Watson-Parris and his colleagues approached the problem differently, starting with ship location data and combining it with weather records to project where ship pollution traveled.
The experts compared clouds at these locations with nearby clouds unaffected by ship pollution. In Nature last year, they reported that these “invisible” ship tracks not only enhanced low-lying marine clouds but also significantly increased the volume of higher-altitude cumulus clouds, which were previously thought to be unaffected by ship pollution.
The findings suggested that air pollution could be causing clouds to cool the climate at nearly twice the previously estimated strength.
However, their follow-up study on the effect of the IMO rules on these invisible tracks delivered a surprise: the reduction in pollution did not reduce the puffiness of the cumulus clouds, according to a new preprint in the journal Atmospheric Chemistry and Physics (ACP). This suggests that these clouds have a saturation point, beyond which additional pollution has little effect on their development.
“We removed 80% of the aerosols, but that’s still not taking us close to the preindustrial state,” Watson-Parris said.
Another approach to understanding the impact of ship pollution on clouds involves zooming in on specific ocean regions where winds align with shipping lanes, concentrating the pollution.
One such region is off the coast of Angola in the southeast Atlantic.
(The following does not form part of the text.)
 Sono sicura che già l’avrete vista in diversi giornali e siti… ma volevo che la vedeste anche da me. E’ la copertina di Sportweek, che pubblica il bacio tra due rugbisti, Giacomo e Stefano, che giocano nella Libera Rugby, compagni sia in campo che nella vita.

Observing this area with the Terra satellite, Diamond found that with reduced pollution, cloud droplet sizes had increased to their largest in two decades.
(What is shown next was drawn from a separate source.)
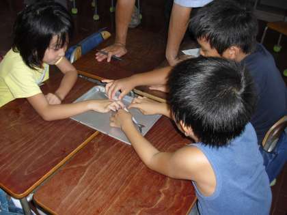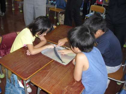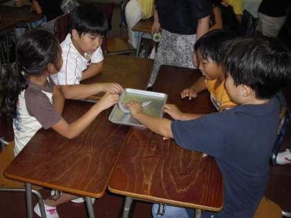 5時間目に、2年1組での食育の研究授業がありました。2年生は、魚について学習し、生のサンマを見たり、さわったりしました。今日の給食は、「サンマの生姜煮」でしたから、関連付けて学ぶことができました。魚にも旬があること、魚を食べると骨が丈夫になるなどよいことがあることを教えてもらいました。学習感想を見ると、「今日は、サンマを少ししか食べなかったけれども、この次は、もう少し食べたい。」「新鮮なサンマは、口のところが黄色いことがわかりました。」など魚について興味をもてたことがわかりました。今日は、2年1組の授業でしたが、先週2年2組も同じように勉強しています。

Based on these findings, Diamond estimates in a recent paper in ACP that the IMO rules have caused warming globally at levels comparable to those observed by Yuan.
Later this year, Diamond, Yuan, and other researchers will begin comparing their methods for studying the interaction of pollution and clouds under the National Oceanic and Atmospheric Administration’s small geoengineering research program. “After a few more years, we’re really going to have something to say about these cloud adjustments,” Wood concluded.